The dishwasher is designed to kill bacteria and make things clean without breaking anything into tiny pieces. What doesn’t often occur to people is that it will do this regardless of what’s put in it. From unspeakably filthy sports equipment to children’s toys to garden tools to the greasy hubcaps of your car, the dishwasher is able to clean almost anything. The fact that the machine is also designed to be gentle means that you can use it to safely wash things that might lose their shape in a regular washing machine—such as baseball caps.
You can also use it for steamed dishwasher salmon. They say it’s pretty moist. And clean.

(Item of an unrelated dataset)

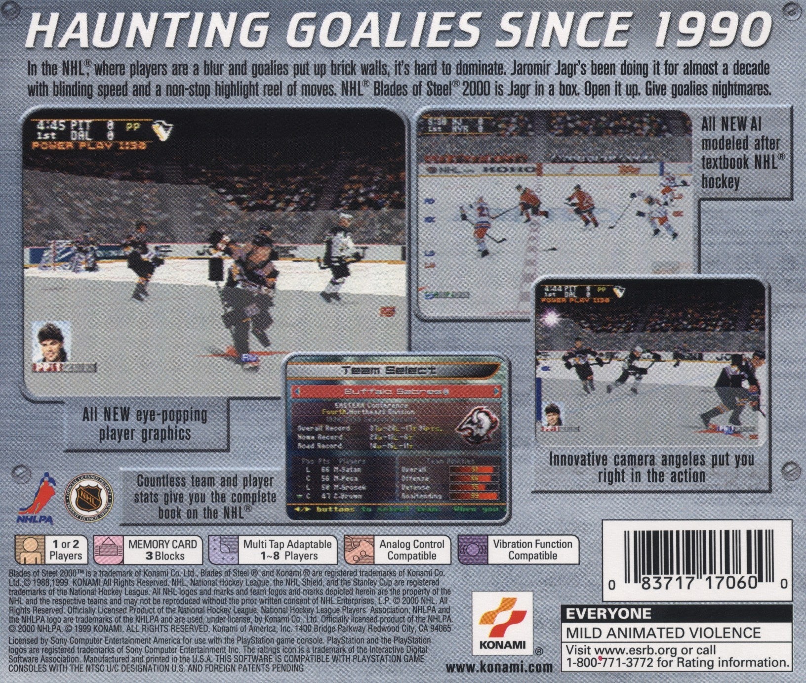 Relive arcade hockey excitement with NHL Blades of Steel 2000 for the Playstation. This revival of the classic Konami series delivers fast-paced, action-oriented gameplay with hard checks, quick shots, and the signature fighting mechanics. Take control of your favorite NHL teams and experience a more arcade-style approach to hockey, perfect for fans seeking thrilling, accessible fun.
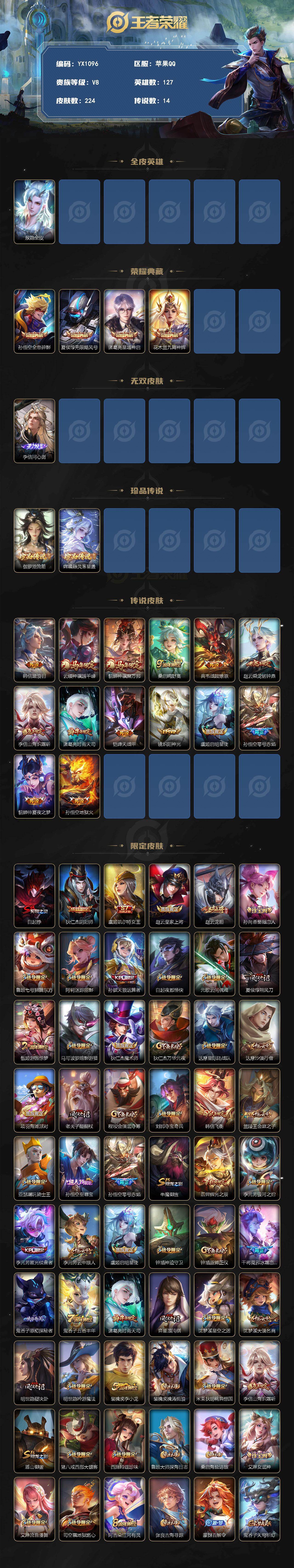 苹果Q-V8-224皮肤4典藏1无双2珍品传说14传说/问心剑/全息碎影/无限飓风号/九霄神辉/星域神启/沧流箭/器灵落星盏

Despite having a name that screams “I’m only here to make coffee,” your trusty coffee maker can be quite the multi-tasker if you treat it right. In fact, a good coffee maker is the only device a creative chef needs. Not only can it boil eggs and cook rice, but it can also be used to create fairly complicated dishes such as poached chicken with couscous.
And it gets even better: as one particularly thirsty group of oceanographers found out, the coffee maker can also be used to brew beer. From cereal.
Depending on whether you’re at your house or someone else’s, clogged drains and toilets can be either a disgustingly unwelcome mishap or a delightful source of schadenfreude. In the case of the former, put down that phone; a plumber may be closer than you think.
Many vacuum cleaner models feature a wet/dry option. As it turns out, it’s not just for sucking up spilled soup—it can also help unclog your drain. If your vacuum can cope with water, it could well succeed where plungers and snakes have tried and failed. Using towels to create a seal, simply place the end of the vacuum hose into any clogged drain and turn the vacuum on. It should hopefully remove any obstructions.